I didn't welcome Christmas. I wasn't ready and to be honest I didn't really care. It came anyway.
It is January now. The last month of 2009 was punctuated with me entering this photography contest and being so blown away by the nice things people were saying about my entry that I felt that whether I won or lost I had already accomplished something. And then another friend called and asked me to enter this other cool contest for people of the blog sort and these two things combined have served to make me ready to make a life change that has been simmering for a long time. Like a decade.
I think it involves Virginia and I am seriously freaking out.

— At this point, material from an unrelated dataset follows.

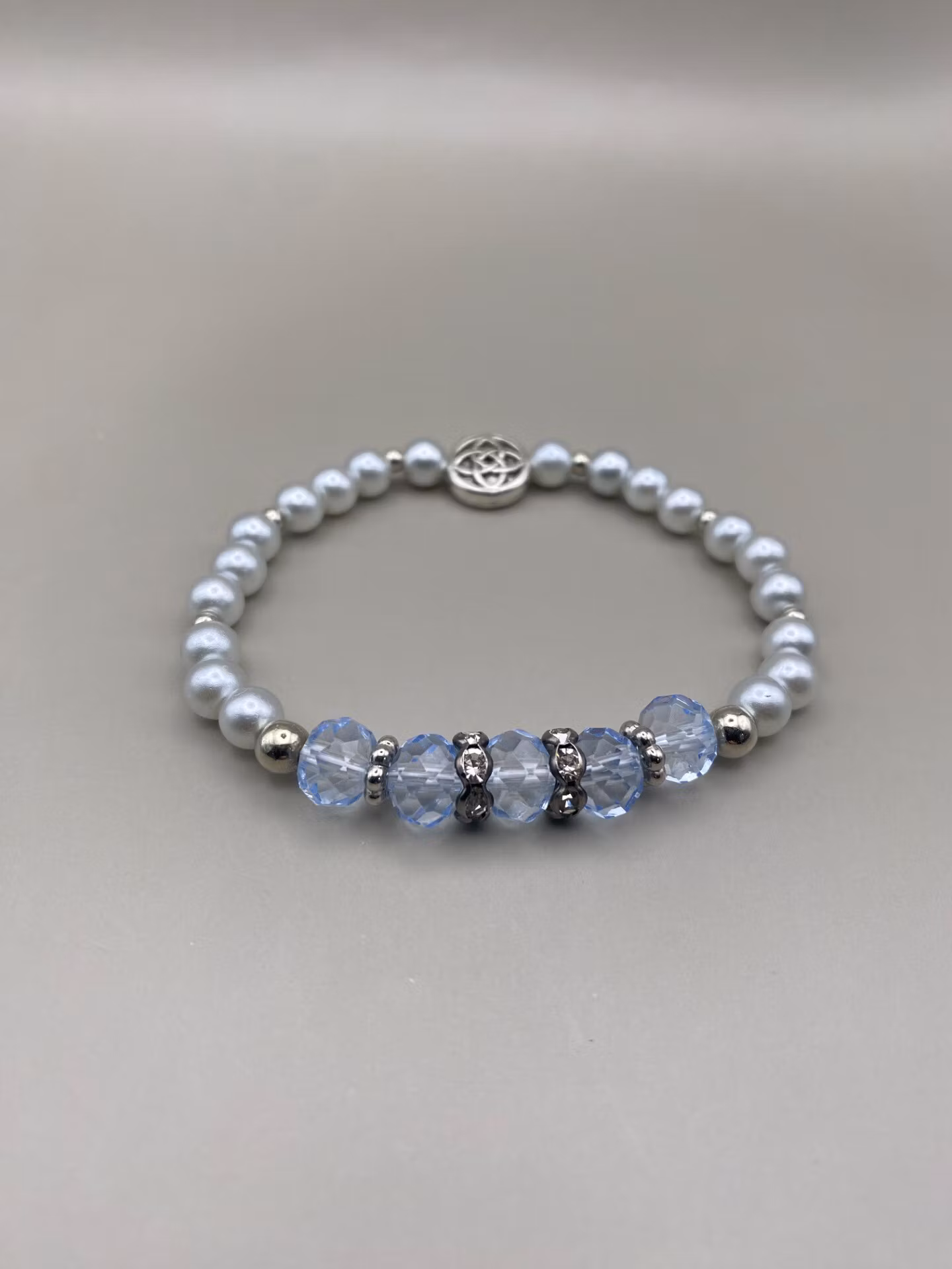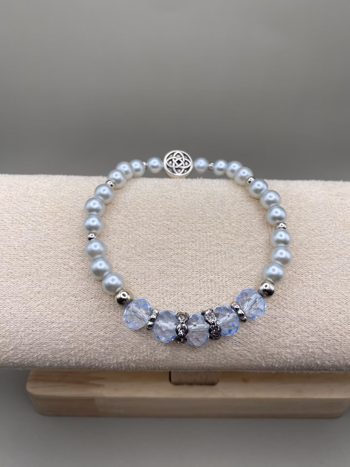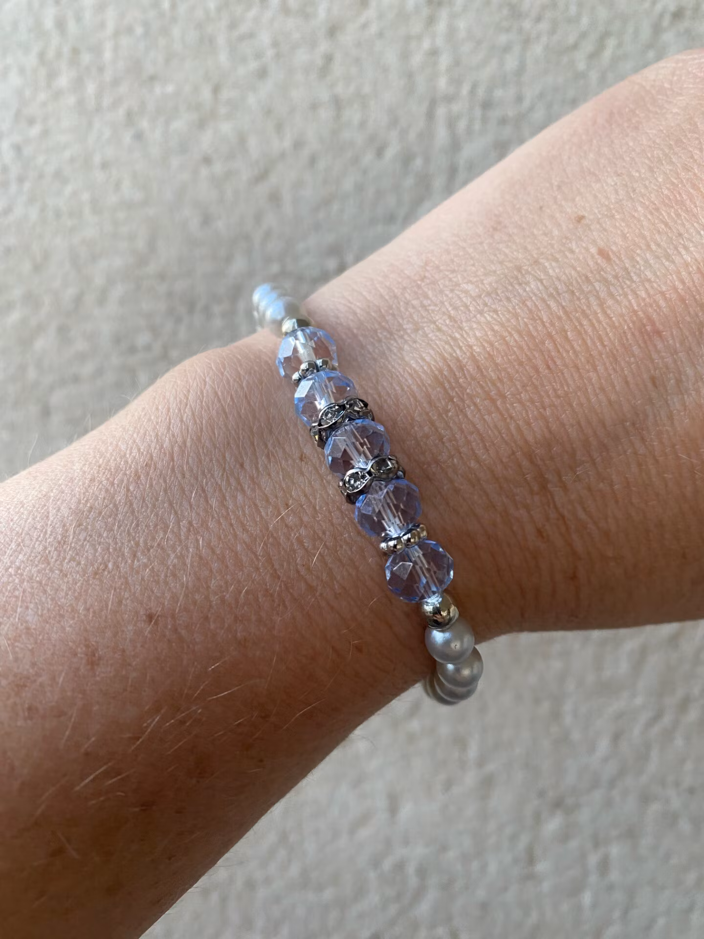 Vackert skimrande armband i elfenbensvita högblanka mindre pärlor runt om och i blickfånget skimrar fem stora, svagt ljusblå facetterade glaskristallpärlor, stålgrå strass och silverfärgade distanser och pärlor.

Speaking of the aughts, I think I might do some sort of wrap-up posts this weekend because this was a DECADE here, people, and for me it was the most profound one yet. I'm coming up on an anniversary next week that started out a very happy one and ended up sending me into my own personal bell jar for most of the aughts. It is fundamentally why this blog exists and why I am currently inarticulately telling you about my year. I'm going to write the shit out of something about it because you know what, I can.
Happy new year.
And I'll tell you one thing - and you can write this down, as we are wont to say in my family:
Next January 1, 2011? If I'm not dead, I'll have just turned 40. I'll be writing some crazy wrap-up from Pittsburgh if the Caps play up there in the Winter Classic because Kim and I have a tenuous date for it already.
And also? Next January? I think I'll have some kickass things to share. Really. Because I'm finally allowing myself to expect a lot from a year, whether I'm ultimately disappointed or not. I'm not staying home so I have to go big.